Ich würde gerne den Löwenzahn sammt paar seiner Blätter unten freistellen und das ganze dann auf einem weissen Hintergrund platzieren.

Aber ich kann den Löwenzahn einfach nicht so freistellen, dass er keinen Rand (also Hintergrund vom Original) mehr hat.

Bei mir schaut das immer so aus: http://www.worthmuchmore.com/problem/loewenzahn.jpg

Ich hoffe ihr könnt mir weiterhelfen.

Vielen Dank 

PS: Mein Versucht ist mit Absicht so "blass". Möchte nicht, dass er so kräftig scheint, sondern eher dezent wirkt.
Also habe ich ihn leicht weiss übermalt. 
Gibts da noch eine anderen Möglichkeit dafür?


----------



## ShadowMan (5. September 2004)

Hi du!

Schau dir doch mal folgendes an:

http://www.tutorials.de/forum/showthread.php?s=&threadid=152372&highlight=freistellen

(im Forum gibts übrigens so unendlich viele Themen über "freistellen")

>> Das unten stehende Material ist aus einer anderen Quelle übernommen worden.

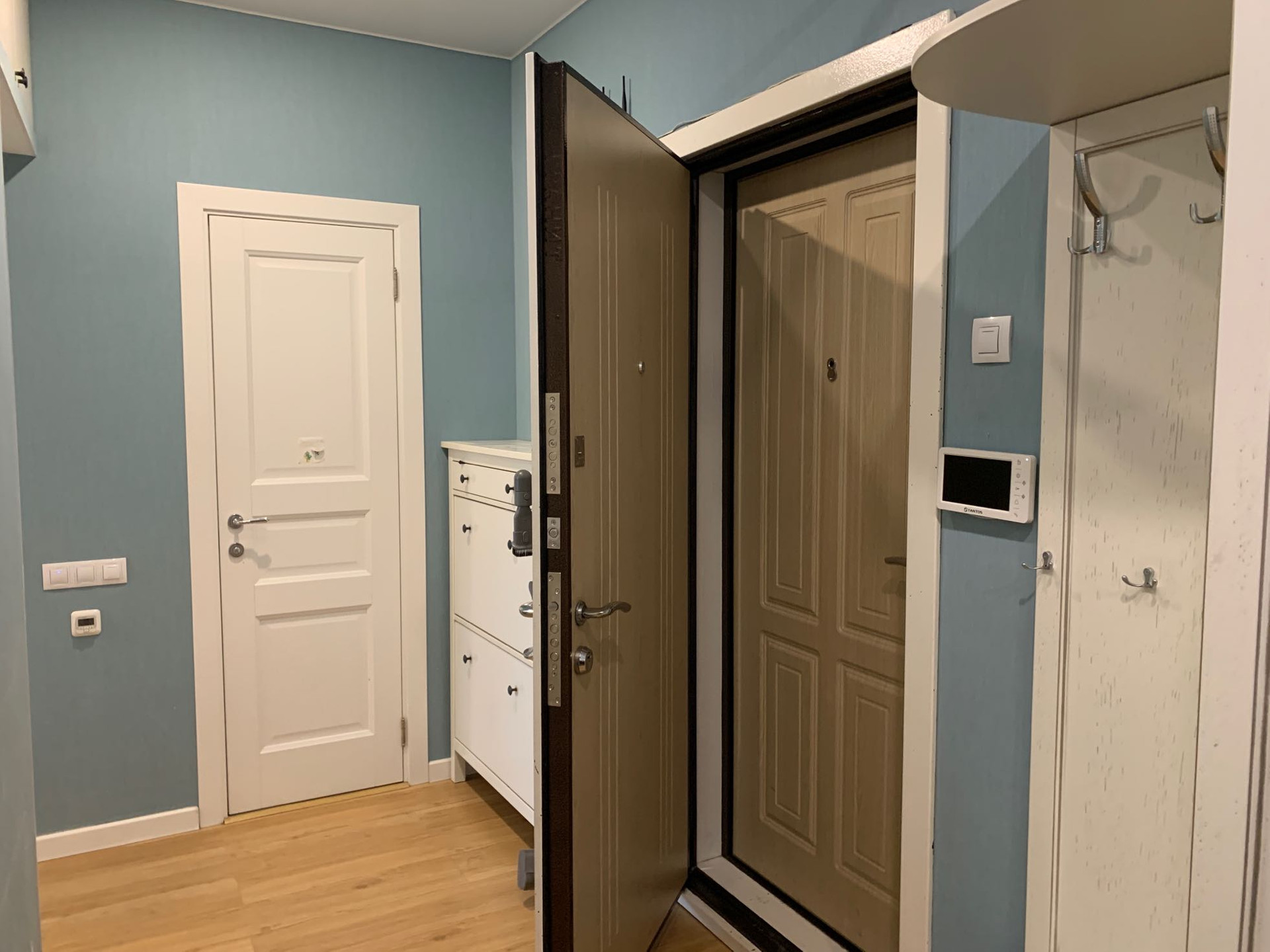 * В квартире сделан качественный ремонт: в коридоре и на кухне премиум кварц виниловая плитка Винилам, в туалете итальянская плитка, в комнатах высококачественный ламинат. Натяжные потолки. Рулонные шторы в остекленной лоджии. Видеодомофон. Комнатные двери Волховец в скандинавском стиле. 2 мощные входные двери Гранит с надежными замками и дополнительной звукоизоляцией. В ванной и туалете теплые полы. Застекленная лоджия идеально подходит для оборудования дополнительных мест хранения или для отдыха.

Ich würde es, falls es so nicht klappt wie du es versucht hast, mit einer Ebenenmaske machen. Wie das aussieht wird auch in dem Thread oben gezeigt. Wichtig dabei: zoomen! Je näher, desto genauer wirds.
Sowas ist leider nicht in einer Minute gemacht.

Lieben Gruß,
Manuel ;-]


----------



## Receiver (6. September 2004)

Zum Thema "blass wirken lassen": Du kannst auch einfach den Lövenzehn auf den weißen Hintergrund legen, und die Deckkraft entwas runtersetzen.


----------



## Joh (6. September 2004)

Mit dem Pfadtool einen Pfad erstellen, dann in Auswahl umwandeln, weiche Auswahlkante von 1 Pixel, 
kopieren, in neue Grafik einfügen, fertig.

JPEG 
PSD

Zum Thema verblassen einfach die Deckkraft der Ebene 1 herunter setzen.


----------



## Trunx (6. September 2004)

Hi

Wow, vielen Dank, vor allem an dich Joh  
Genau so habe ich mir das vorgestellt.
Alle anderen Freistellungstechniken habe nicht annähernd so gut geklappt.

thx


----------